■ Exercise brief: Your task is to restate word for word the lines in the material below, from the one with "应用范围:广泛应用于医疗、洁" up to and including the one with "The document provides". Do not carry over the pictures.

■ Information shown:

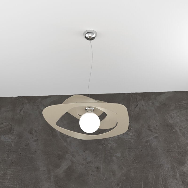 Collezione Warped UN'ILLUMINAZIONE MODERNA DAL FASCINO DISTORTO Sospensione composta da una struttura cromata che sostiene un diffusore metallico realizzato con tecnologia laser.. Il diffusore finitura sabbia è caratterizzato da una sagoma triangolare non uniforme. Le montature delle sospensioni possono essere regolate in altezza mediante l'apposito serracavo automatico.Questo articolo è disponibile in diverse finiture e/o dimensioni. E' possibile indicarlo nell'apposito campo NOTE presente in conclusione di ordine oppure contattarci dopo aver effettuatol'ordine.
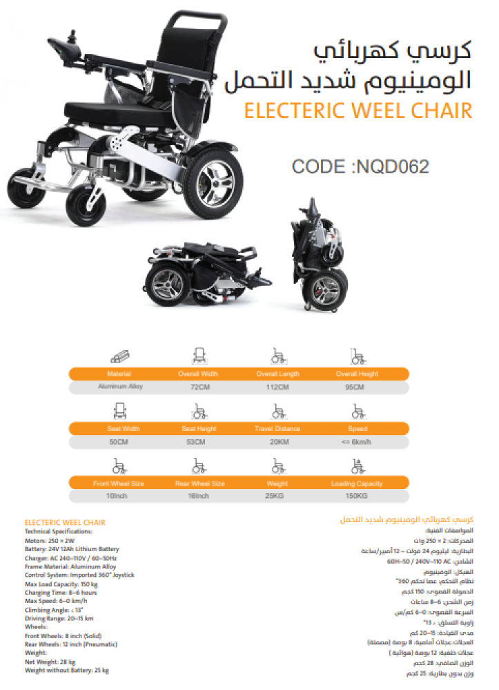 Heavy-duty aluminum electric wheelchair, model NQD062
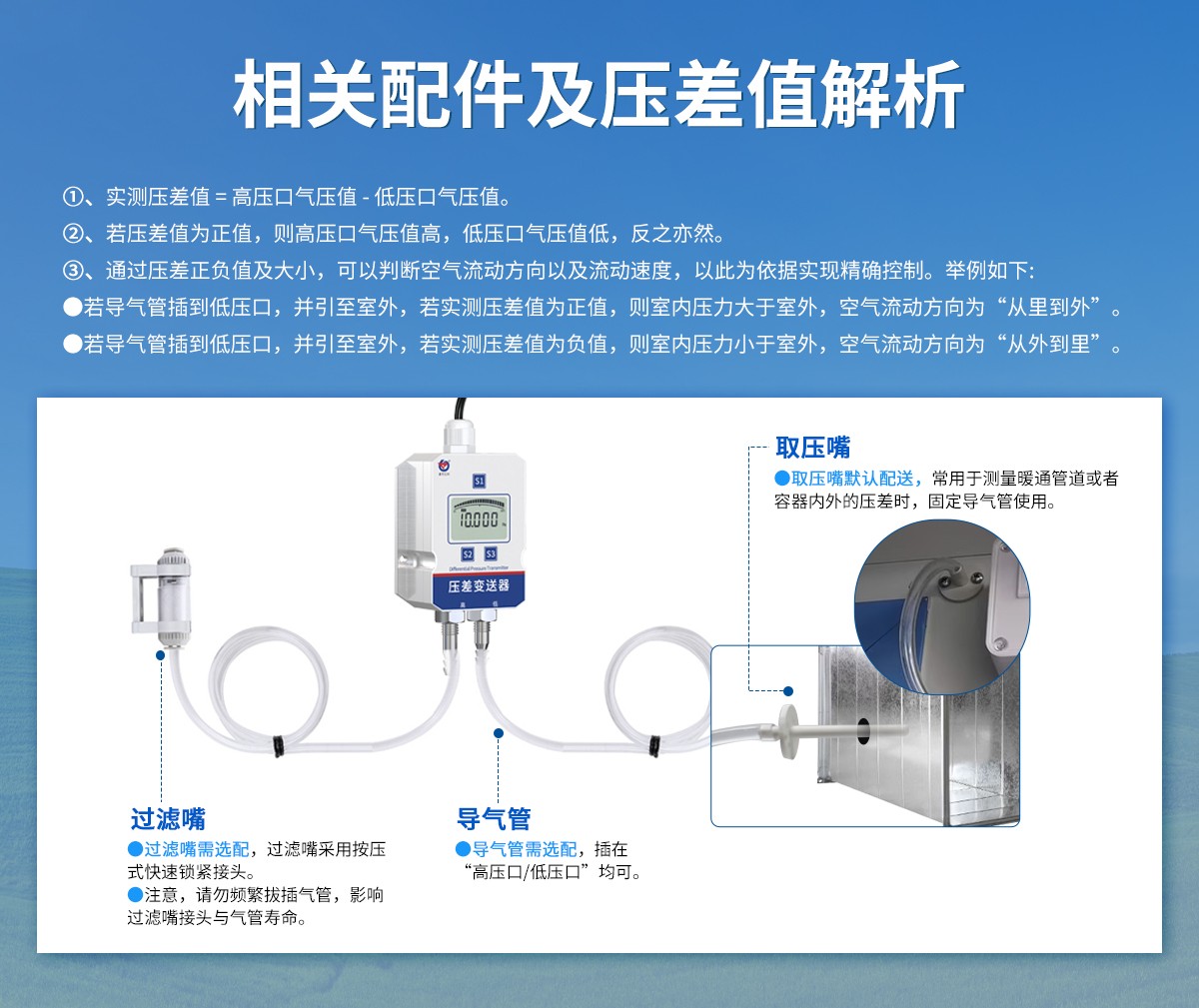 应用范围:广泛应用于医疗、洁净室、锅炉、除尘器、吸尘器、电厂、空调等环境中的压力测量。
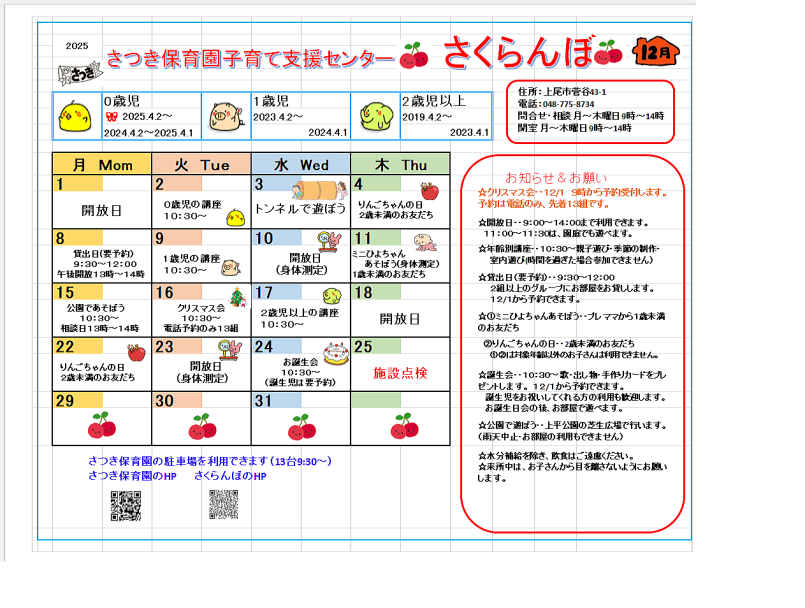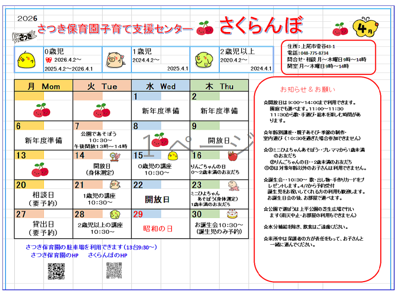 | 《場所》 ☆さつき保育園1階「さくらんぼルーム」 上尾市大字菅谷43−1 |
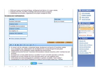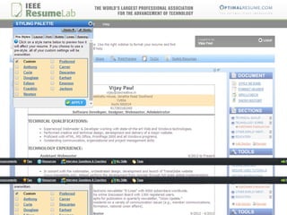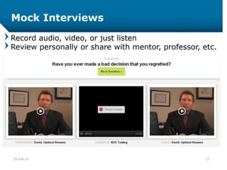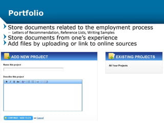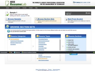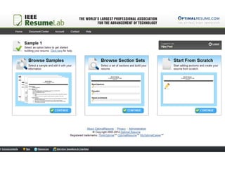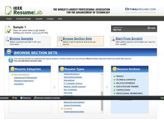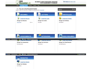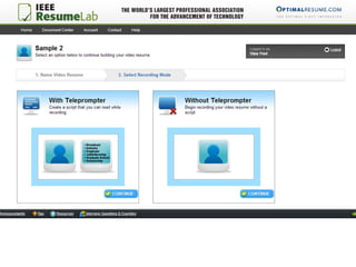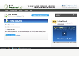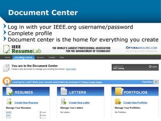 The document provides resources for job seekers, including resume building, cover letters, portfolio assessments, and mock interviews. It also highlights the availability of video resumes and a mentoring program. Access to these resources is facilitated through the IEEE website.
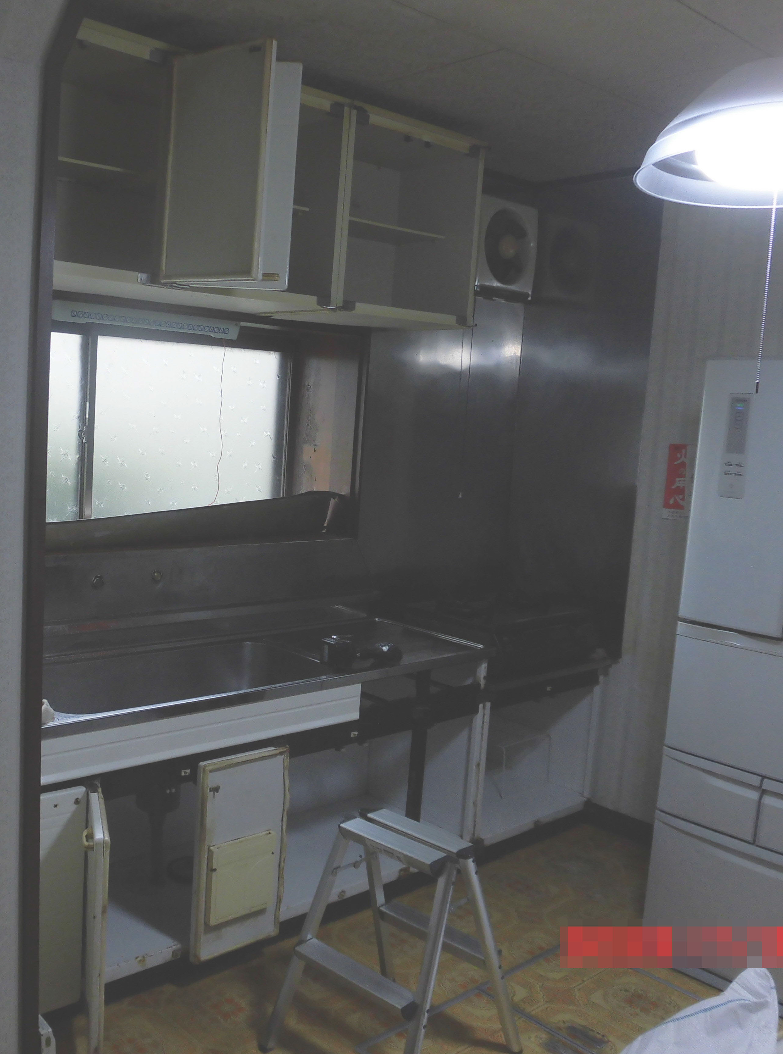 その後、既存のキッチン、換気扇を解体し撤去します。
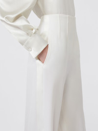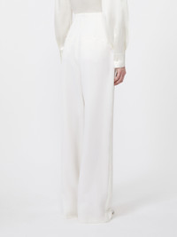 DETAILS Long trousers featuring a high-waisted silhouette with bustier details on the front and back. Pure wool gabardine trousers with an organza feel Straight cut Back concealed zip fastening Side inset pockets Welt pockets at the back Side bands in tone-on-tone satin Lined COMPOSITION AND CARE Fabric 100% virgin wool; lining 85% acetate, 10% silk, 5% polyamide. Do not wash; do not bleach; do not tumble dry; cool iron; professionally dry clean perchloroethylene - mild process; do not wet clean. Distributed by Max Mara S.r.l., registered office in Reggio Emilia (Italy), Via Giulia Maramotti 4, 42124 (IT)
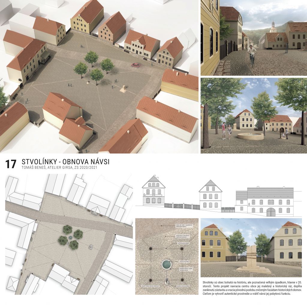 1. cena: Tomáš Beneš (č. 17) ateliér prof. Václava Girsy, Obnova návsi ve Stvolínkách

■ Response to this task:
 应用范围:广泛应用于医疗、洁净室、锅炉、除尘器、吸尘器、电厂、空调等环境中的压力测量。
 | 《場所》 ☆さつき保育園1階「さくらんぼルーム」 上尾市大字菅谷43−1 |
 The document provides resources for job seekers, including resume building, cover letters, portfolio assessments, and mock interviews. It also highlights the availability of video resumes and a mentoring program. Access to these resources is facilitated through the IEEE website.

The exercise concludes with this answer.